**Provided material:**
----

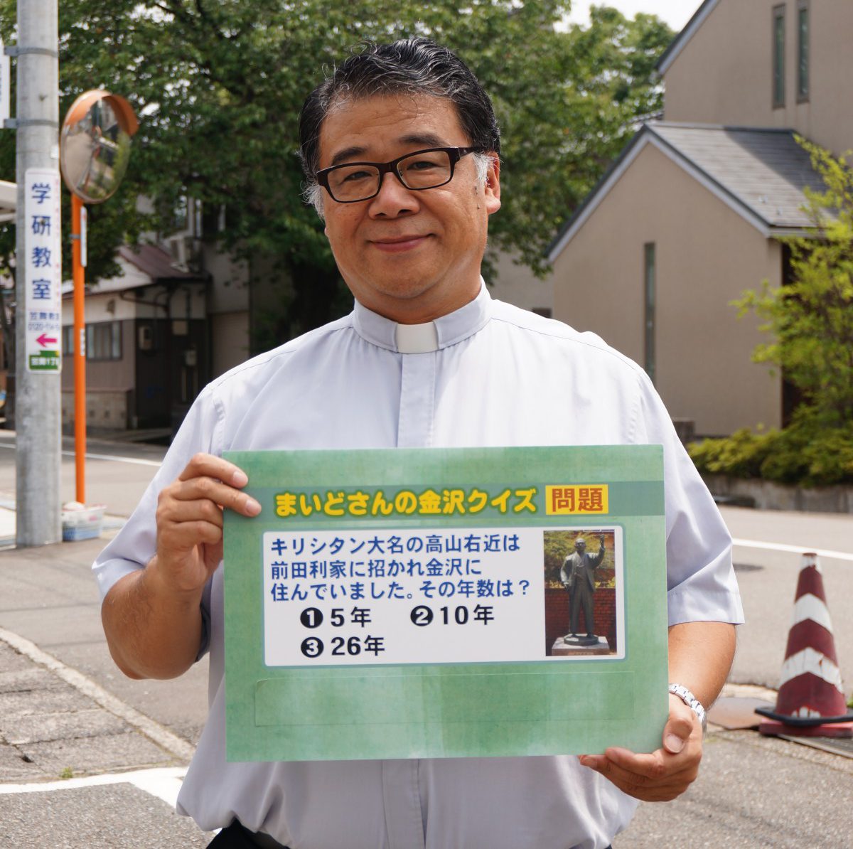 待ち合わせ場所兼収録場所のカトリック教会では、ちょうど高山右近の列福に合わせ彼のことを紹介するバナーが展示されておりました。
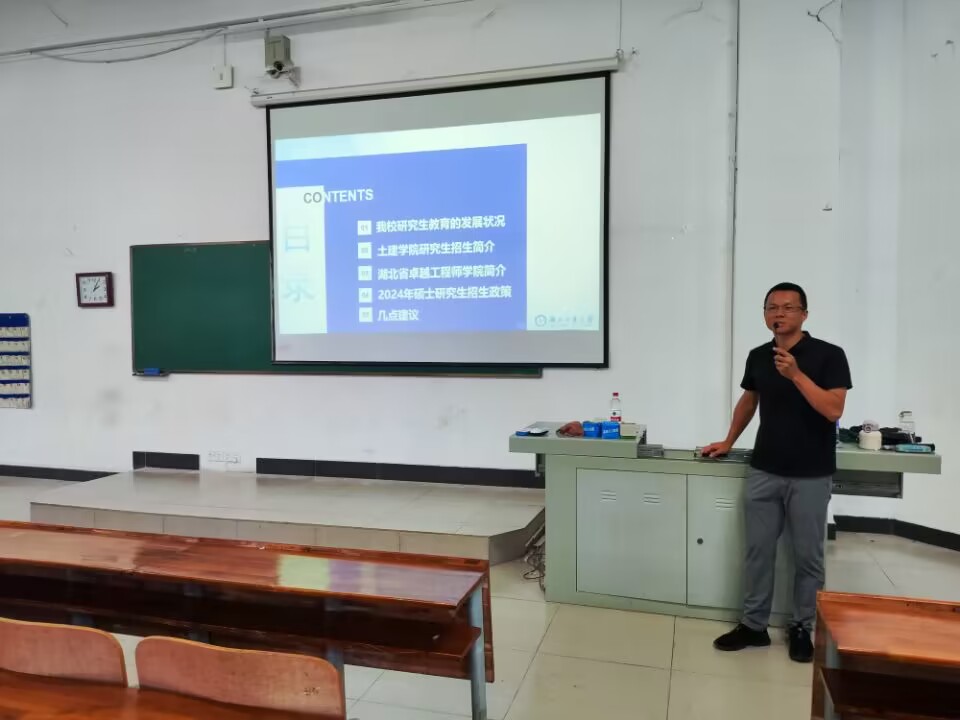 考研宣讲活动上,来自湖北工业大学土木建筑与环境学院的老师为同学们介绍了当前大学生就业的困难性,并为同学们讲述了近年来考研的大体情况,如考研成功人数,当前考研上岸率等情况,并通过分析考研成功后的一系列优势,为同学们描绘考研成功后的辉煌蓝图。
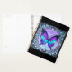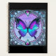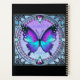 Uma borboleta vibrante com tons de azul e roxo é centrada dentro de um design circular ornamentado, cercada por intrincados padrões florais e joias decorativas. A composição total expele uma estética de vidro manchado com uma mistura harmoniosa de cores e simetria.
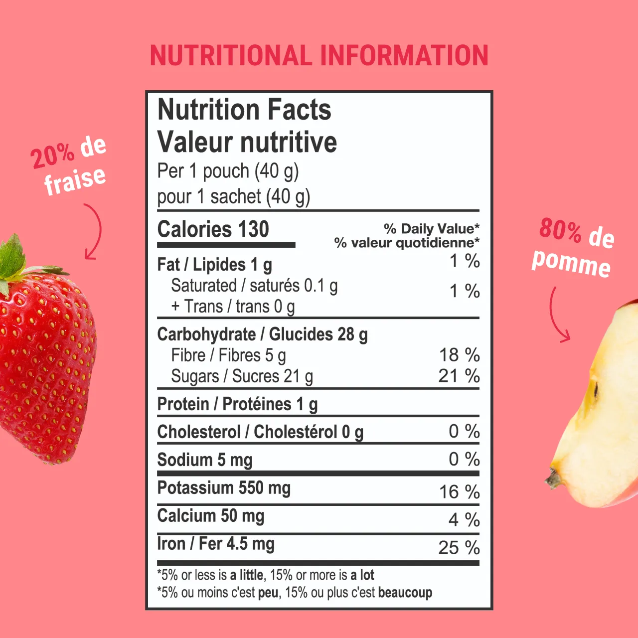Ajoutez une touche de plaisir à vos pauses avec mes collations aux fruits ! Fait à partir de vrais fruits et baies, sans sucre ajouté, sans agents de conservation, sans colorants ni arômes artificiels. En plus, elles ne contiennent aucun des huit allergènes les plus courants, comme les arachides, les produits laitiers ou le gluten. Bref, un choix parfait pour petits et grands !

----

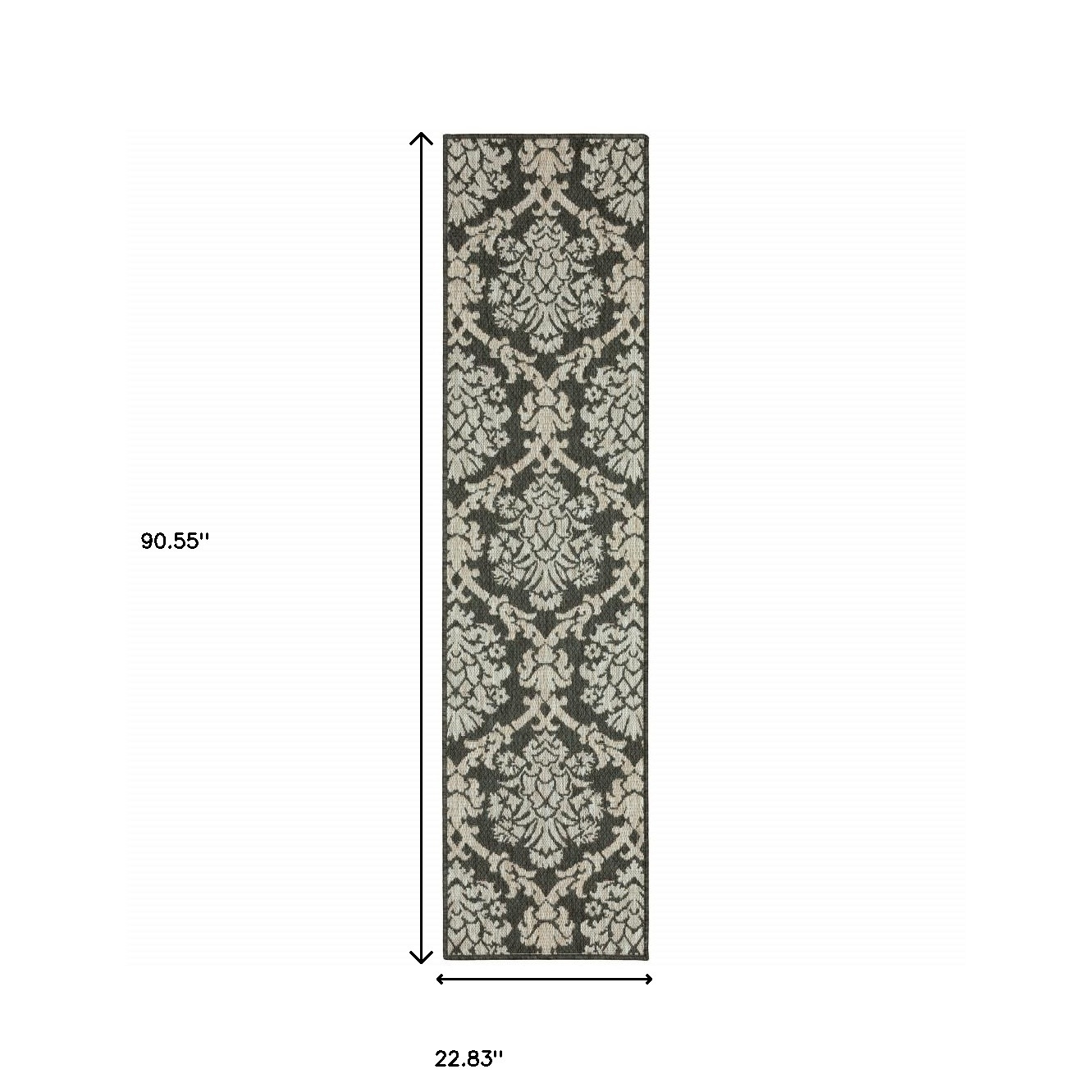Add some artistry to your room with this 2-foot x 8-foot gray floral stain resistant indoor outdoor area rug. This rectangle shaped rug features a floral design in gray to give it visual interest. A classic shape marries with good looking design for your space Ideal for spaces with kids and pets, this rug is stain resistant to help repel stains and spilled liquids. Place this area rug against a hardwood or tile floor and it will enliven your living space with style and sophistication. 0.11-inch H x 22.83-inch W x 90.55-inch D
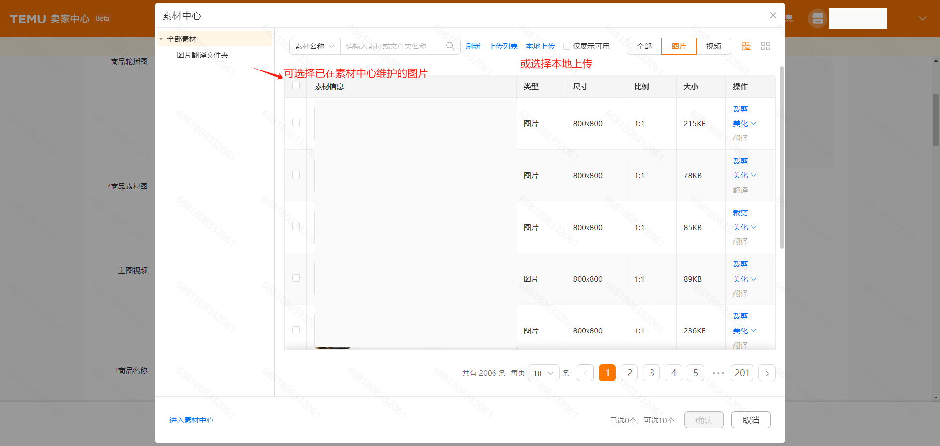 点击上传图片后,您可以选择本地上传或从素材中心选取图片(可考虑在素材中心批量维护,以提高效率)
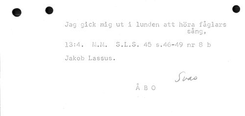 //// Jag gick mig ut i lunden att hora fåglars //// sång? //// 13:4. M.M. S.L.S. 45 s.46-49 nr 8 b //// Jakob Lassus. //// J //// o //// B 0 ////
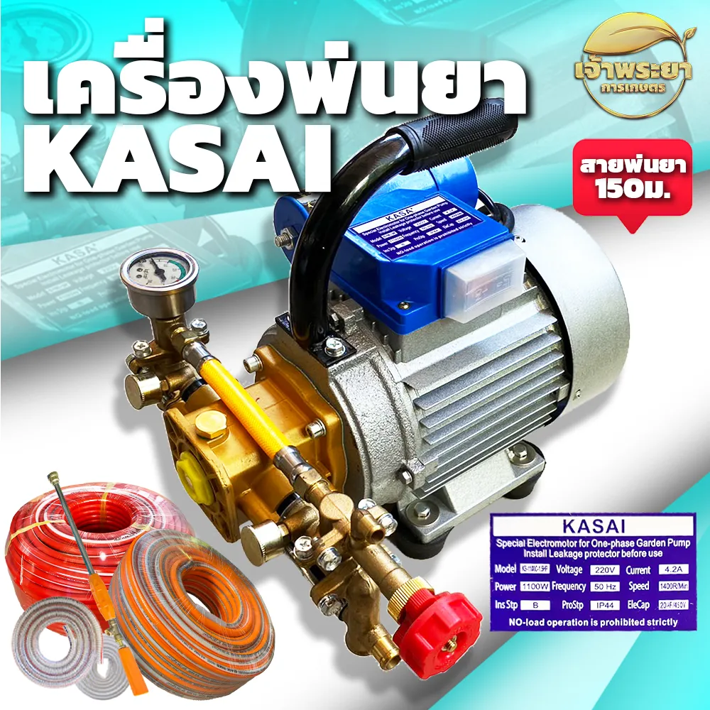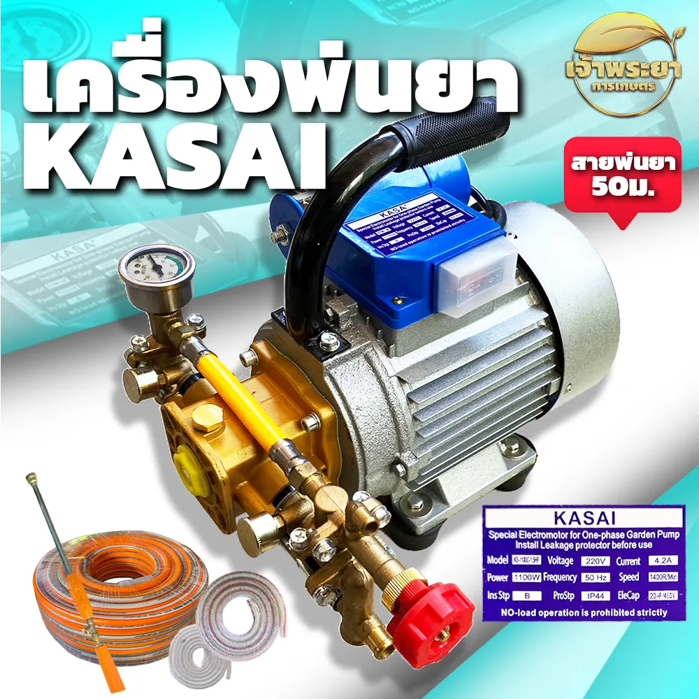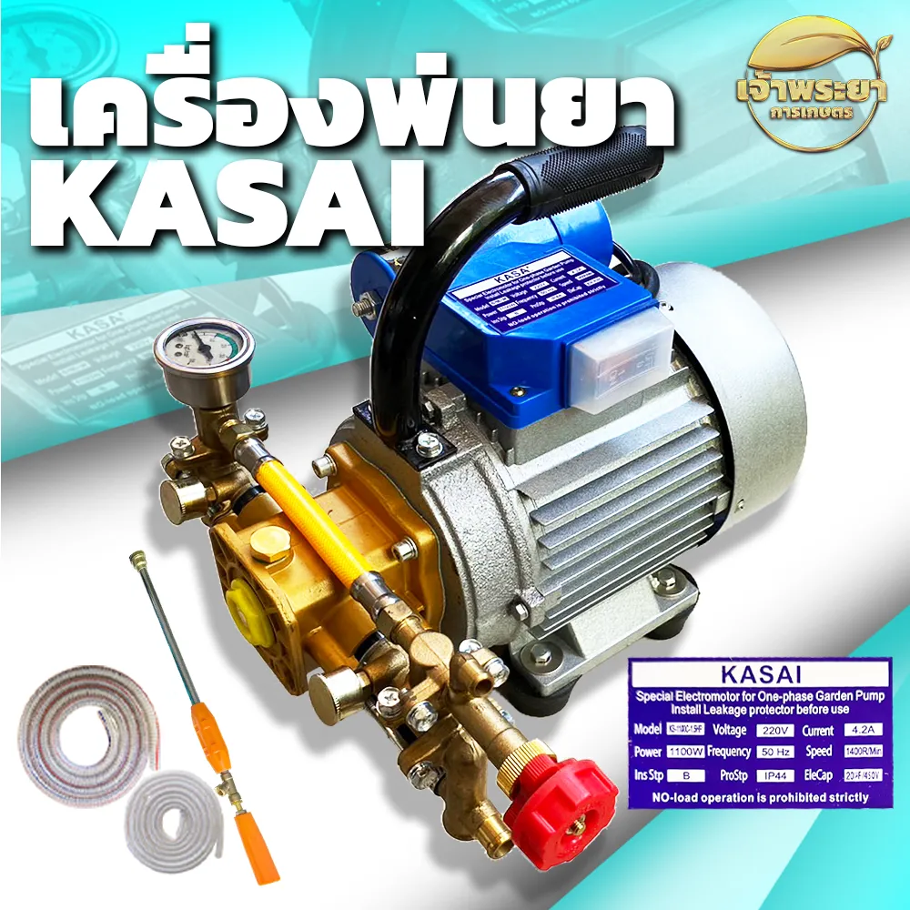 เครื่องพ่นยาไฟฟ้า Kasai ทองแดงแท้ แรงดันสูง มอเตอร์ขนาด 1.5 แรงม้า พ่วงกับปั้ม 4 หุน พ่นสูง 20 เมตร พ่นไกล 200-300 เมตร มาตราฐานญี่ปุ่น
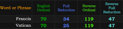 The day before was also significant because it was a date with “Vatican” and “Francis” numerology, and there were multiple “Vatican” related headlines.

----

Your answer should be the lines above, word for word, from the line with "待ち合わせ場所兼収録場所のカ" through the line with "Ajoutez une touche", minus the pictures.

 待ち合わせ場所兼収録場所のカトリック教会では、ちょうど高山右近の列福に合わせ彼のことを紹介するバナーが展示されておりました。
 考研宣讲活动上,来自湖北工业大学土木建筑与环境学院的老师为同学们介绍了当前大学生就业的困难性,并为同学们讲述了近年来考研的大体情况,如考研成功人数,当前考研上岸率等情况,并通过分析考研成功后的一系列优势,为同学们描绘考研成功后的辉煌蓝图。
 Uma borboleta vibrante com tons de azul e roxo é centrada dentro de um design circular ornamentado, cercada por intrincados padrões florais e joias decorativas. A composição total expele uma estética de vidro manchado com uma mistura harmoniosa de cores e simetria.
Ajoutez une touche de plaisir à vos pauses avec mes collations aux fruits ! Fait à partir de vrais fruits et baies, sans sucre ajouté, sans agents de conservation, sans colorants ni arômes artificiels. En plus, elles ne contiennent aucun des huit allergènes les plus courants, comme les arachides, les produits laitiers ou le gluten. Bref, un choix parfait pour petits et grands !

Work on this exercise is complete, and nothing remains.